After a golden age of market conditions offering affordable coverage, the professional indemnity insurance sector has hit a crisis. The CLC is working to change things.

In 2019, notes insurance broker and risk advisory body Marsh, Lloyd’s ordered syndicates to limit the amount of new professional indemnity (PI) insurance they could write, owing to its poor performance. It is a move that echoed the Prudential Regulation Authority’s concerns over solvency within general insurance companies. Across the board, cheaper rates have been withdrawn, premiums and excess layer premiums have increased, the average capacity per underwriter has dropped from £5m to £2.5m (just in the past 18 months), while some insurance syndicates have withdrawn from the construction PI market altogether.

Contractors have suffered an increased cost for placements and renewals, as well as restrictions in cover bringing a knock-on effect on property owners and developers as contractors seek to limit their liability under contract. Marsh notes: “At least eight insurers no longer support UK construction PI risks. Underwriting is selective and generally based upon past claims history, regardless of an insured’s future risk profile… Policy coverage restrictions with a major focus on cladding and fire safety claims are increasingly common… Insurers are restricting cover in relation to cladding, introducing higher excesses, cladding conditions and inner limits for specific risks. For new business enquiries where insurers have no historical relationship with an insured, cladding exclusions are more prevalent.”

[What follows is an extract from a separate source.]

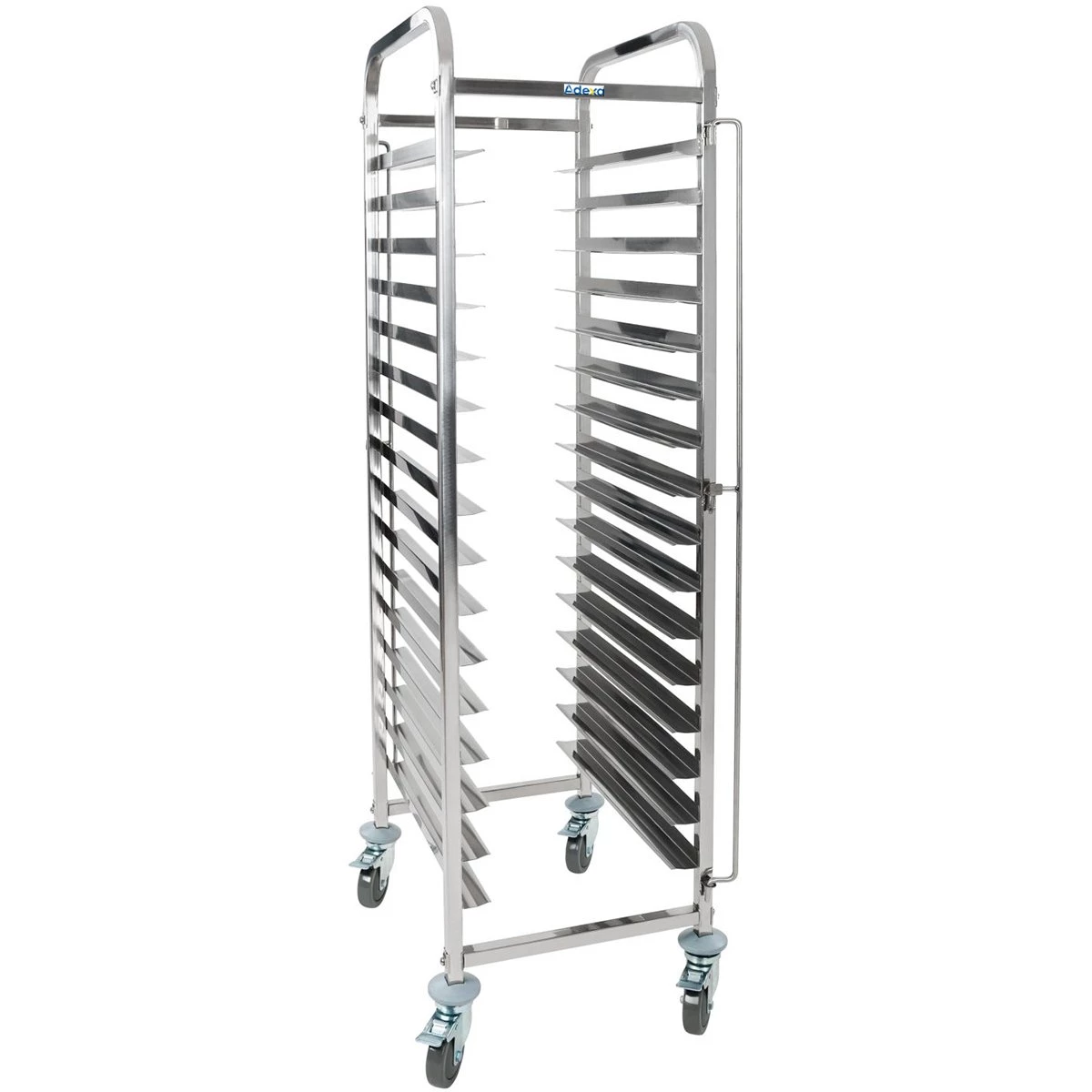 This high quality professional racking trolley is ideal for stacking and storing large numbers of commercial gastronorm trays or pans. It’s 15 tiers are mounted on four castors for ease of movement within your restaurant, bakery or similar catering establishment.

Of course, it isn’t just cladding specialisms that are affecting the PI market. Some firms have reported fourfold increases in policy costs, while others have said that they can no longer secure cover. From February to March this year, the Construction Leadership Council (CLC) ran an online survey to assess the problem. Companies were asked, via an online survey or by providing confidential feedback, about the costs and policy exclusions they have experienced when renewing their cover. The results were shocking but not unexpected:     

  • more than 60% of total survey respondents have some form of restriction on cover relating to cladding or fire safety   
  • one in three survey respondents have a total exclusion in place for cladding claims   
  • one in five respondents have a total exclusion in place for fire claims     
  • more than a quarter of total survey respondents have lost jobs as a result of inadequate PI insurance     
  • one in three respondents couldn’t do remedial work if they wanted to     
  • almost a quarter of total survey respondents have changed the nature of their work because of inadequate PI insurance     
  • most respondents buy £10m of cover or less, with very few buying over £20m     
  • almost half of respondents had been declined insurance by three or more insurers     
  • two thirds of respondents are carrying a claim excess imposed upon them by their insurers     
  • premiums have increased nearly fourfold at the last renewal, having doubled the year before; the average rate is 4% of turnover, but one in five respondents who gave figures are paying more than 5% of their turnover for PI insurance.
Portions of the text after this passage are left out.